**WHAT IS REQUIRED**
Your output must be the lines below from the line containing "Moz has a detailed" to the line containing "Mit einem Holzmodel", both lines included, reproduced exactly and without pictures.

**DATA FOR THIS EXERCISE**

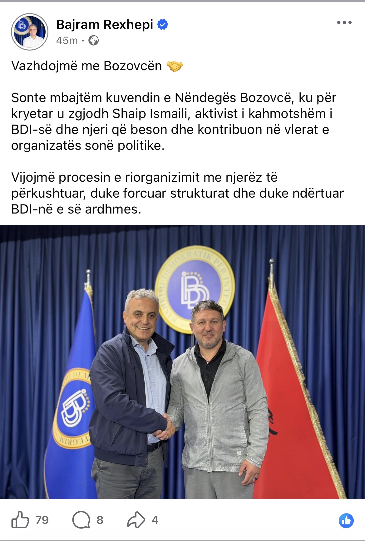 Sonte mbajtëm kuvendin e Nëndegës Bozovcë, ku për kryetar u zgjodh Shaip Ismaili, aktivist i kahmotshëm i BDI-së dhe njeri që beson dhe kontribuon në vlerat e organizatës sonë politike.
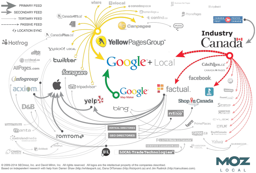 Moz has a detailed post about the Canadian local search ecosystem. In it, we can see that Yellow Pages Group (YPG) is an absolutely central player in the ecosystem:
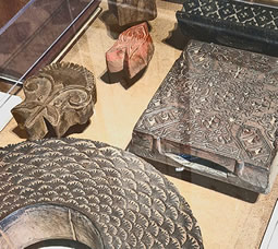 Mit einem Holzmodel werden Muster auf Stoffe gedruckt (Handdruck,
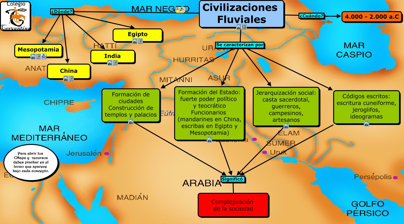 Este Cmap, tiene información relacionada con: Civilizaciones Fluviales, Civilizaciones Fluviales ¿Dónde? Mesopotamia, Civilizaciones Fluviales ¿Dónde? China, Civilizaciones Fluviales Se caracterizan por Jerarquización social: casta sacerdotal, guerreros, campesinos, artesanos, Civilizaciones Fluviales Se caracterizan por Formación del Estado: fuerte poder político y teocrático Funcionarios (mandarines en China, escribas en Egipto y Mesopotamia), Civilizaciones Fluviales Se caracterizan por Códigos escritos: escritura cuneiforme, jeroglifos, ideogramas, Civilizaciones Fluviales Se caracterizan por Formación de ciudades Construcción de templos y palacios, Civilizaciones Fluviales ¿Cuándo? 4.000 - 2.000 a.C, Civilizaciones Fluviales ¿Dónde? Egipto, Civilizaciones Fluviales ¿Dónde? India
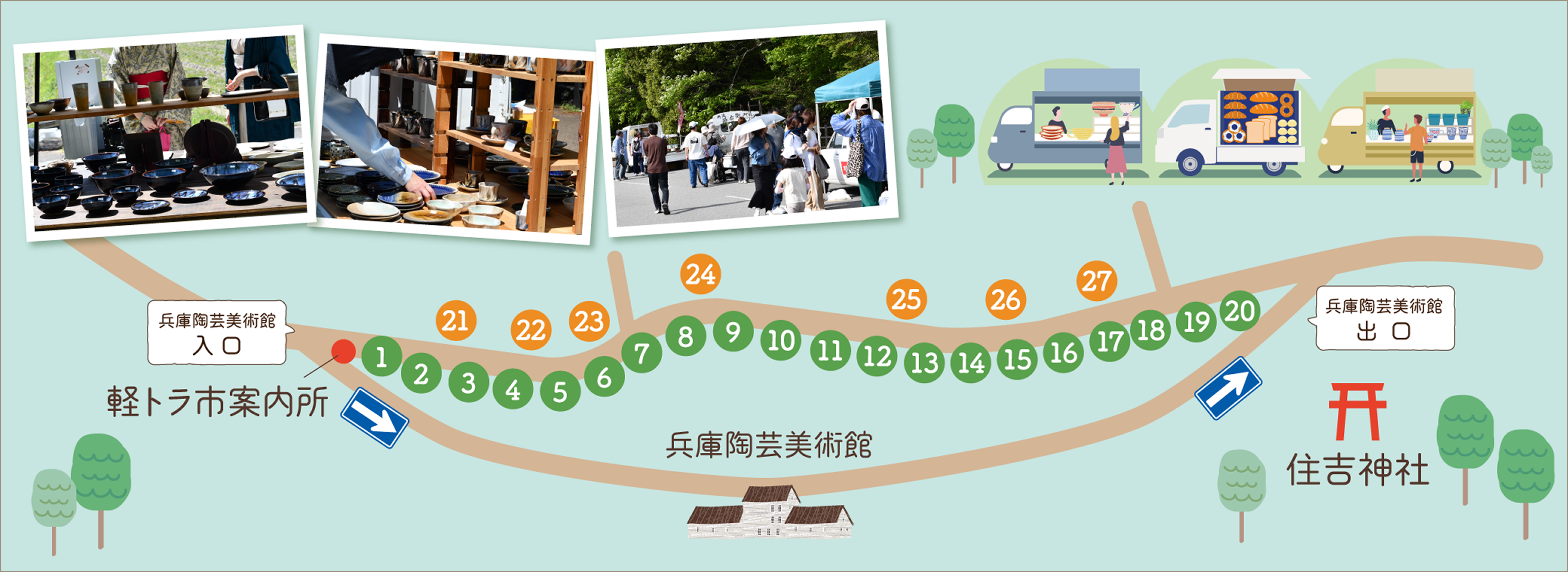 今年の春の軽トラ市には21軒の窯元(軽トラ20台)と、7軒の物産・飲食店が出店。
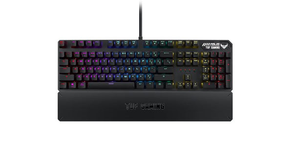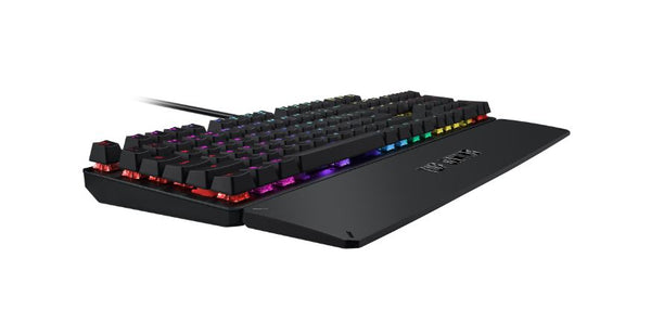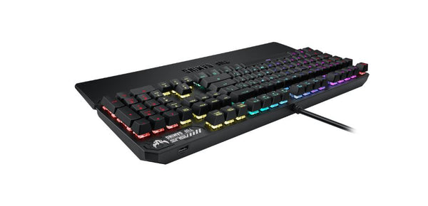 ASUS TUF Gaming K3 RGB mechanical keyboard with N-key rollover, combination media keys, USB 2.0 passthrough, aluminum-alloy top cover, wrist rest, eight programmable macro keys and Aura Sync lighting
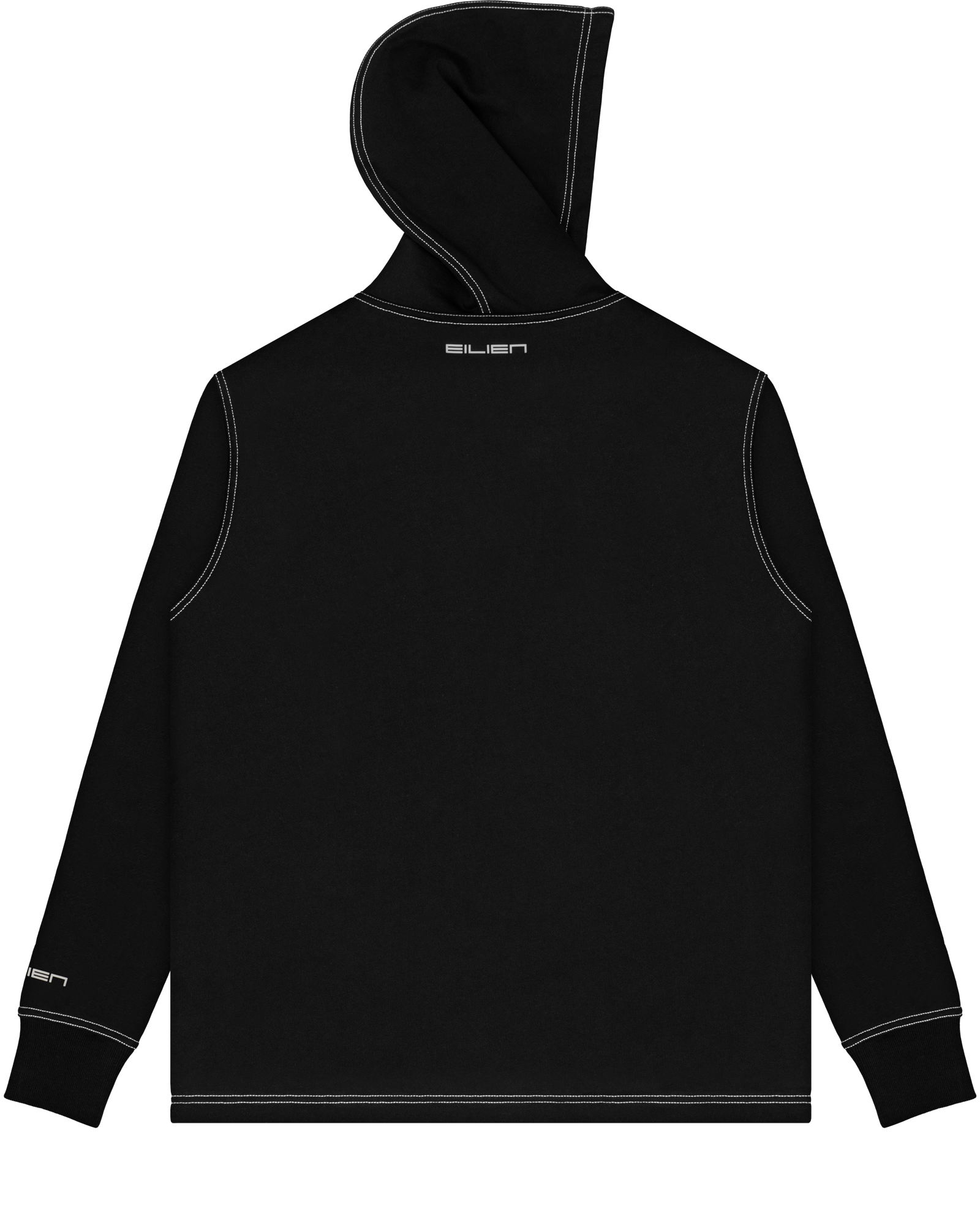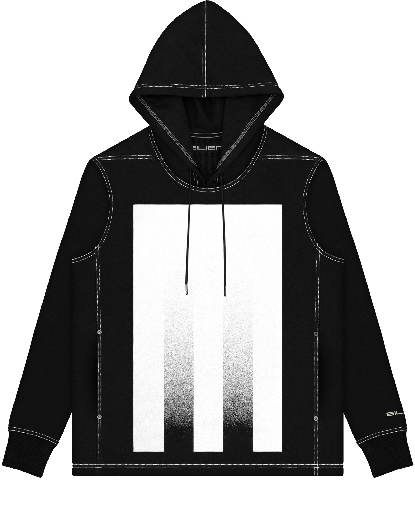 horizontal shoulder seams and offset side seams create a framework for graphic prints; contrast topstitching; lined hood with center seam and drawstring tunnel; hidden inseam pocket in front, long sleeves with rib knit cuffs; loose body with plain hem (no ribbing); metal hardware (antique silver finish) throughout: eyelets on hood; aglets on drawstrings; rivets on pocket opening; matte screen print.
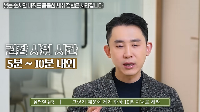 피부 장벽을 지키기 위해 샤워 시간은 10분 이내로 제한하는 것이 바람직하다고 조언한다. 특히 해면이나 때수건 사용은 가급적 피해야 한다고 강조했다.
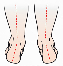 | Στην περίπτωση των ενωμένων γονάτων (βλαισοποδία), τα πόδια στρέφονται προς τα μέσα κατά τρόπον ώστε τα γόνατα να βρίσκονται σε επαφή και τα πέλματα να μένουν ανοικτά. |

**OUTPUT FOR THIS TASK**
 Moz has a detailed post about the Canadian local search ecosystem. In it, we can see that Yellow Pages Group (YPG) is an absolutely central player in the ecosystem:
 Mit einem Holzmodel werden Muster auf Stoffe gedruckt (Handdruck,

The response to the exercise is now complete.